- **Problem description**: Every line below is to be given again precisely; images are to be left out.

- **Input data**:
***

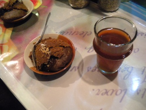 Lamb tagine served with bread and mint tea (dubbed “Morracan Whisky”)
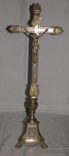 Garniture d'autel 4 : croix et série de 10 chandeliers,
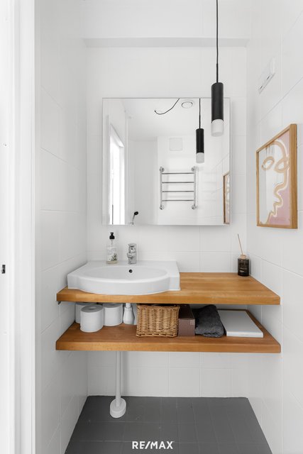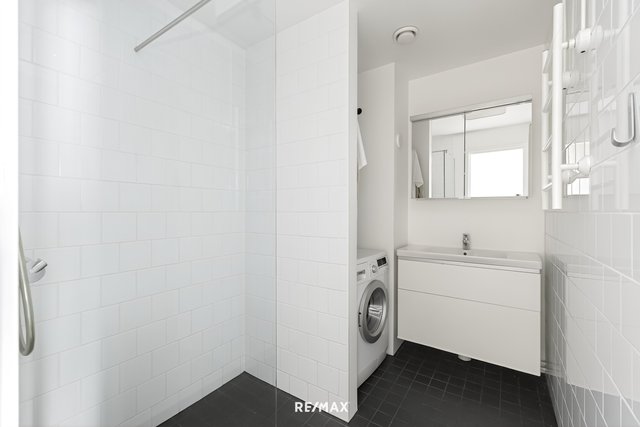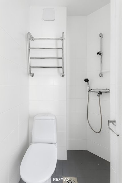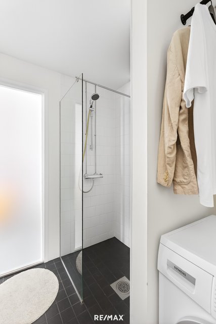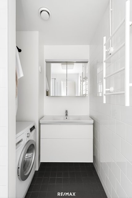 - Suihku, pesukoneliitäntä, lattialämmitys, pesukone, suihkuseinä, allaskaappi, ja peilikaappi

***

- **The answer**:
 Lamb tagine served with bread and mint tea (dubbed “Morracan Whisky”)
 Garniture d'autel 4 : croix et série de 10 chandeliers,
 - Suihku, pesukoneliitäntä, lattialämmitys, pesukone, suihkuseinä, allaskaappi, ja peilikaappi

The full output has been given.